The goal of this project is to predict the manner in which they did the exercise. This is the “classe” variable in the training set. Any of the other variables can be used to predict with.
library(caret)
## Warning: package 'caret' was built under R version 3.1.2
## Loading required package: lattice
## Loading required package: ggplot2
library(rpart)
library(rpart.plot)
## Warning: package 'rpart.plot' was built under R version 3.1.2
library(RColorBrewer)
library(rattle)
## Warning: package 'rattle' was built under R version 3.1.2
## Rattle: A free graphical interface for data mining with R.

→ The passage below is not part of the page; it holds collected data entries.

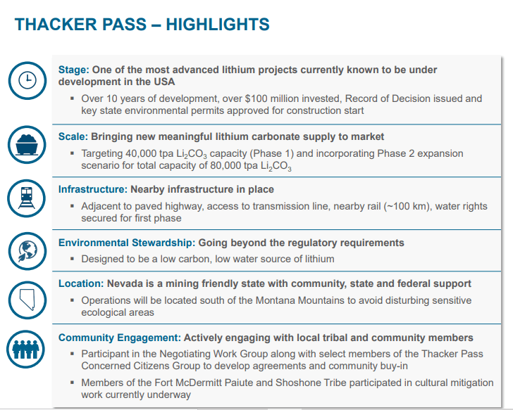 Thacker Pass, in Nevada. This is the largest known lithium resource in the USA and Lithium Americas is developing there with a goal to enable a US battery supply chain. See highlights below.
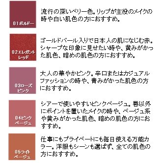 01ボルドー・02エレガントレッド・03ローズピンク・04ピンクベージュ・05ライトベージュ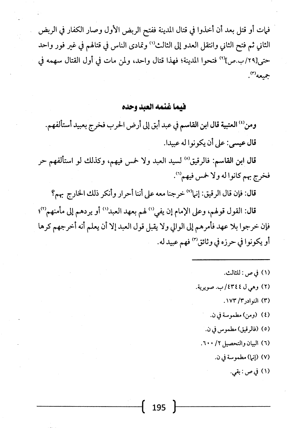 ومن العتبية قال ابن القاسم في عبد أبق إلى أرض الحرب فخرج بعبيد استألفهم.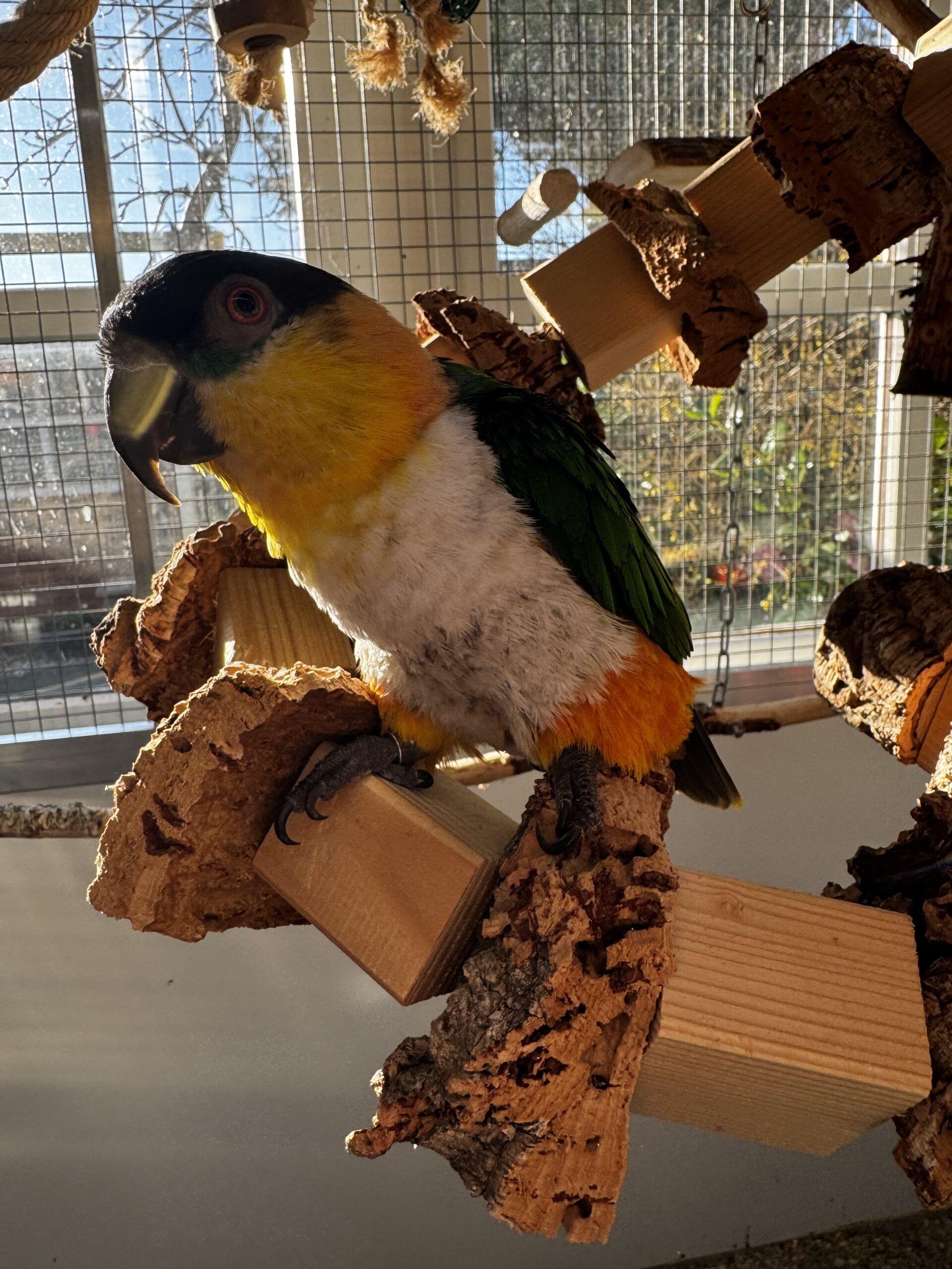 Natuurlijk is het heel belangrijk een goede kooi te hebben als huis voor je caique(s). Een caique kan zo rond de 40 jaar oud worden, dus een goede kooi is een investering waar je (hopelijk) jaren plezier van kunt hebben. Kies dus voor een degelijke kooi!
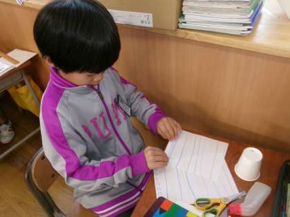 国語の学習では、「紙コップ花火の作り方」という説明文を読んでいます。まずは、自分で文を読んで作ってみました。大切な言葉を落とさずに読む力をつけていきます。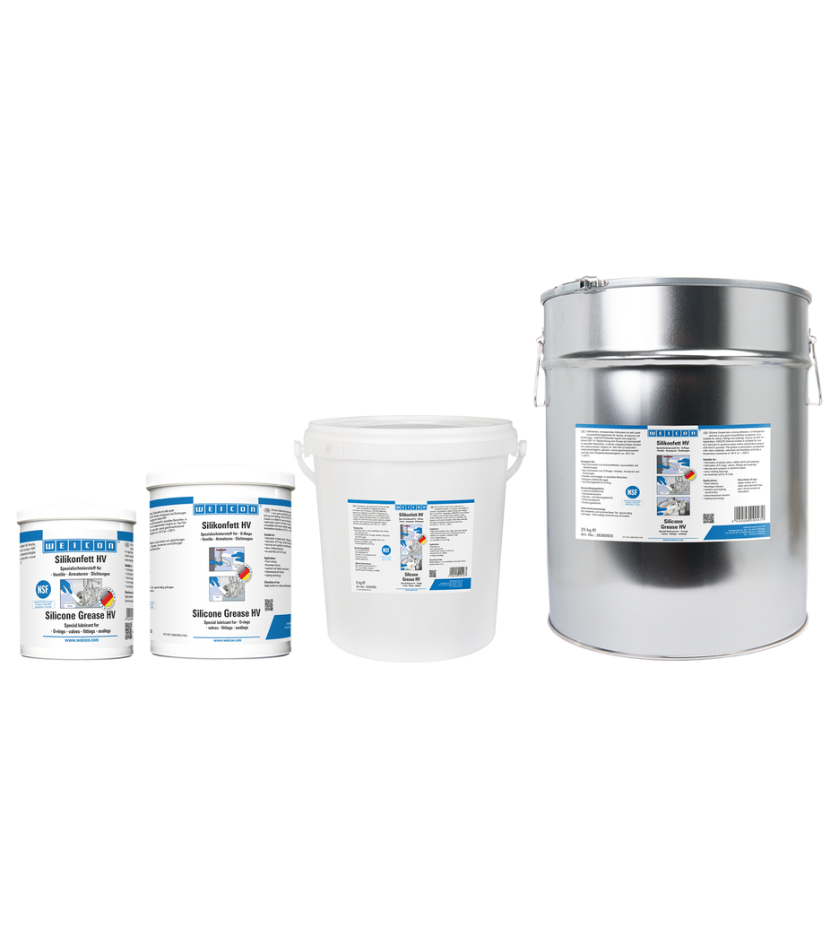 WEICON Silikonfett HV ist haftstark und transparent und hat eine sehr gute Kunststoffverträglichkeit. Aufgrund der NSF H1-Registrierung eignet es sich als Schmierstoff für Ventile, Armaturen und Dichtungen in sensiblen Bereichen. Entspricht den KTW-Leitlinien des Umweltbundesamtes für den Kontakt mit Trinkwasser. Es kann in der Lebensmitteltechnik, in der Getränkeindustrie, im Sanitär- und Heizungsbereich, in der Pharmaindustrie und in der Dichtungstechnik zum Einsatz kommen. WEICON Silikonfett HV ist BAM geprüft und sicherheitstechnisch beurteilt - siehe Merkblatt M 034-1 "Liste der nichtmetallischen Materialien für den Einsatz in Sauerstoff" (DGUV Information 213-075) der BG RCI. Das Fett ist besonders materialverträglich, geruchs- sowie geschmacksneutral und hat eine Temperaturbeständigkeit von -50 °C bis +200 °C. WEICON Silikonfett HV eignet sich für das Schmieren von Kunststoffteilen, Gummiteilen und -abdichtungen, das Schmieren von Ventilen, Armaturen und Dichtungen, für Geräte und Anlagen, für langsam drehende Lager und als Montagehilfe für O-Ringe.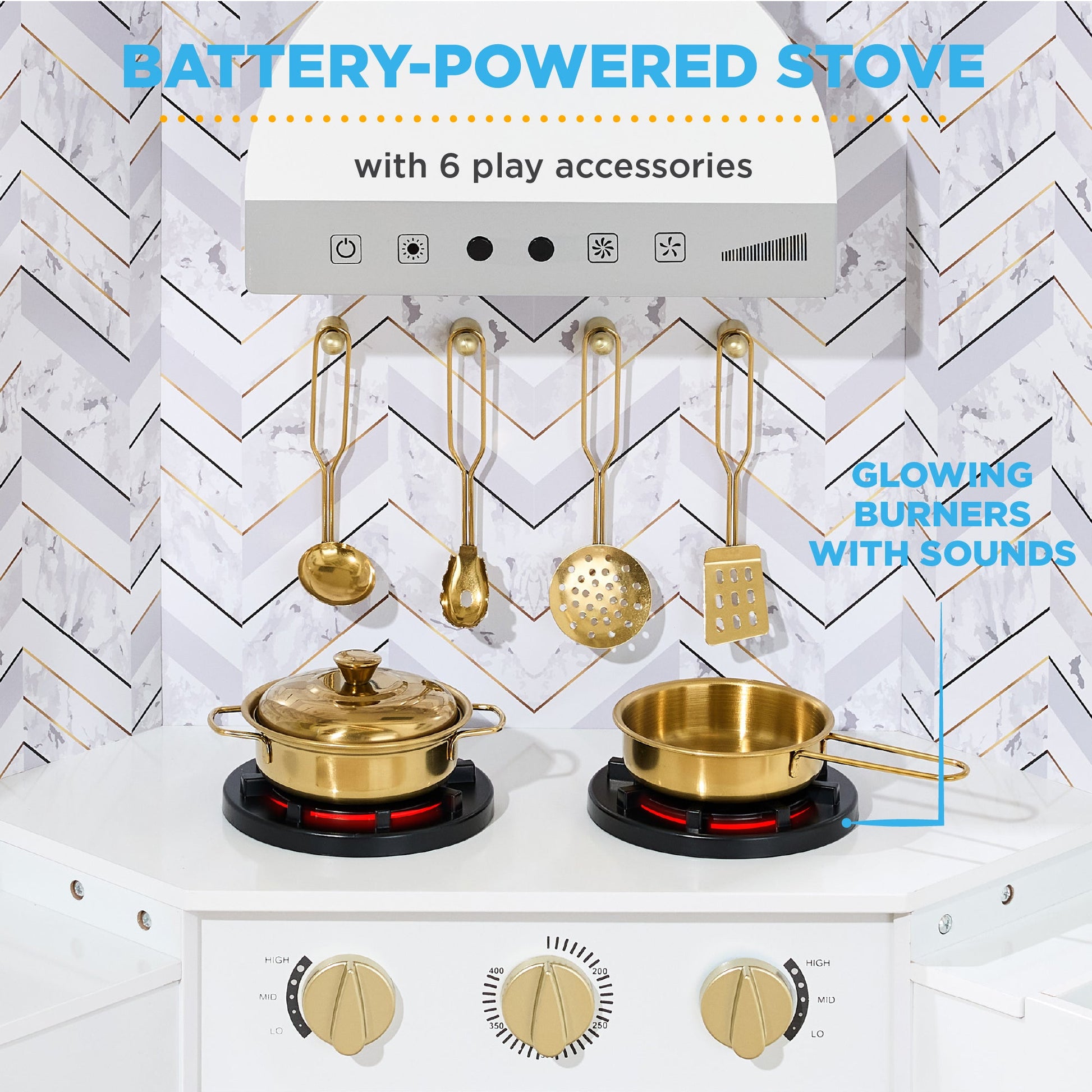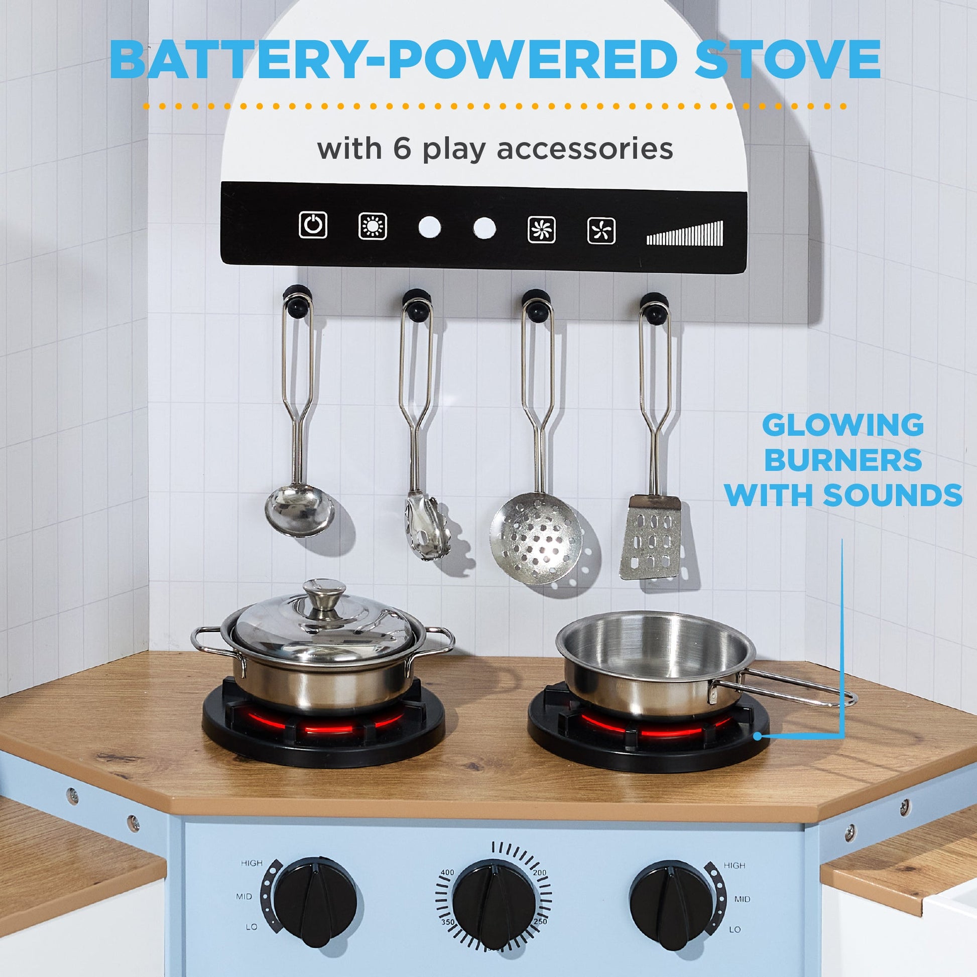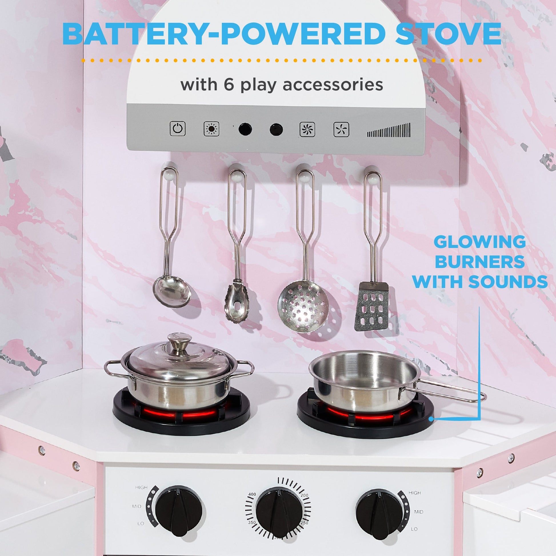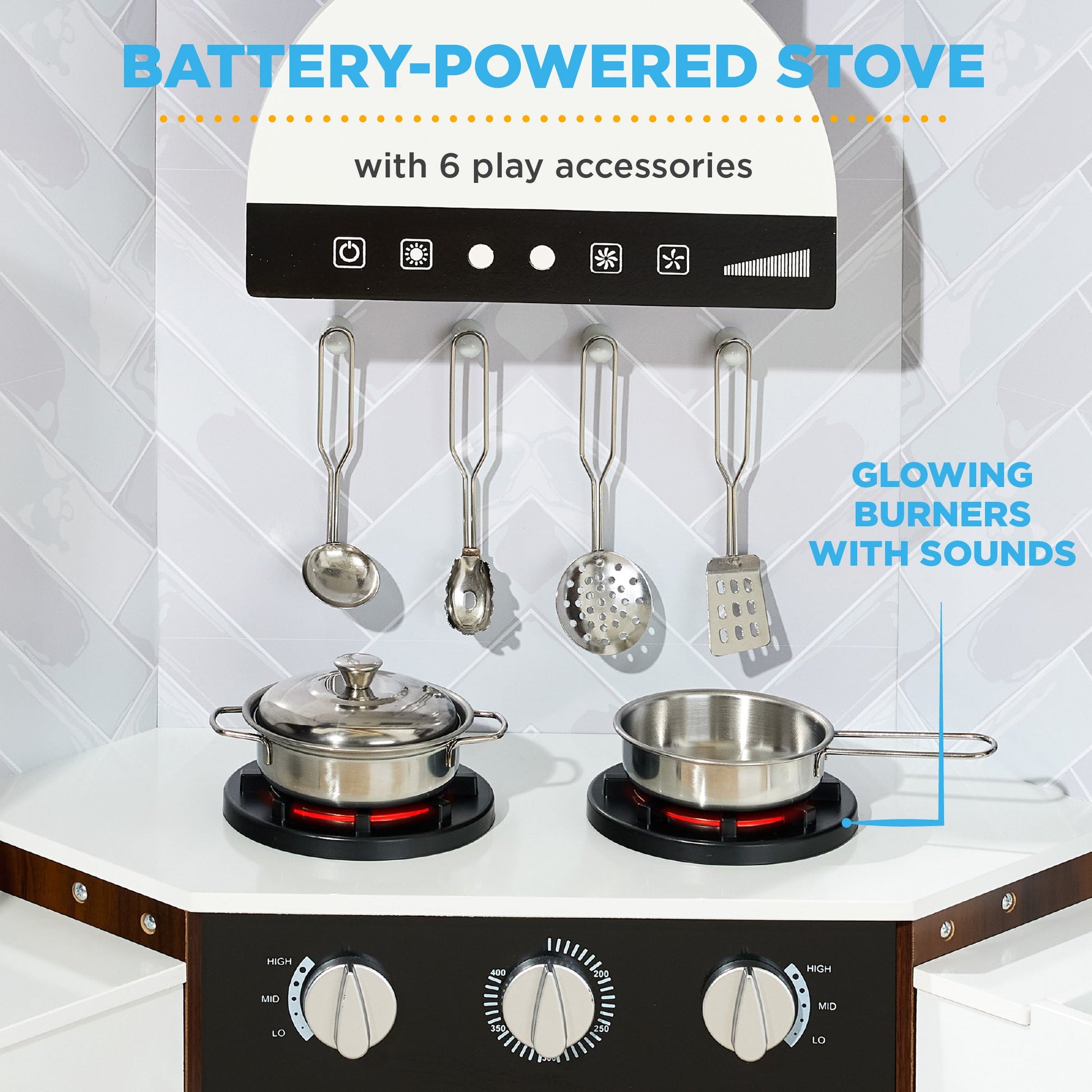 Pretend Play Corner Kitchen Wooden Toy Set for Kids w/ Lights, Sounds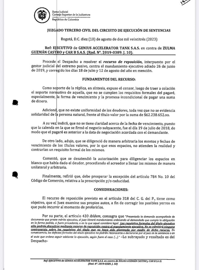 Sin embargo, La W conoció que esta misma mujer ya estaba demandada desde 2023. La demanda la hizo Genius Accelerator Tank S.A.S en contra de la mencionada y CAR B S.A.S.

## Version 3.3.0 Copyright (c) 2006-2014 Togaware Pty Ltd.
## Type 'rattle()' to shake, rattle, and roll your data.
library(randomForest)
## Warning: package 'randomForest' was built under R version 3.1.2
## randomForest 4.6-10
## Type rfNews() to see new features/changes/bug fixes.
training<-read.csv("./trainingdata.csv")
testing<-read.csv("./testingdata.csv")
set.seed(111)
inTrain<-createDataPartition(training$classe, p=0.6, list=FALSE)
myTraining<-training[inTrain,]
myTesting<-training[-inTrain,]
Before cleaning the data, the dimensions of myTraining are:
dim(myTraining)
## [1] 11776 160
Step 1: Removing 1st 7 columns because they are specific to the participants and thus won’t be god candidates for the Prediction Model.
temp<-1:7
myTraining<-myTraining[,-temp]
dim(myTraining)
## [1] 11776 153
Step 2: Removing Variables with Near Zero Variance
nzvData<-nearZeroVar(myTraining, saveMetrics=TRUE)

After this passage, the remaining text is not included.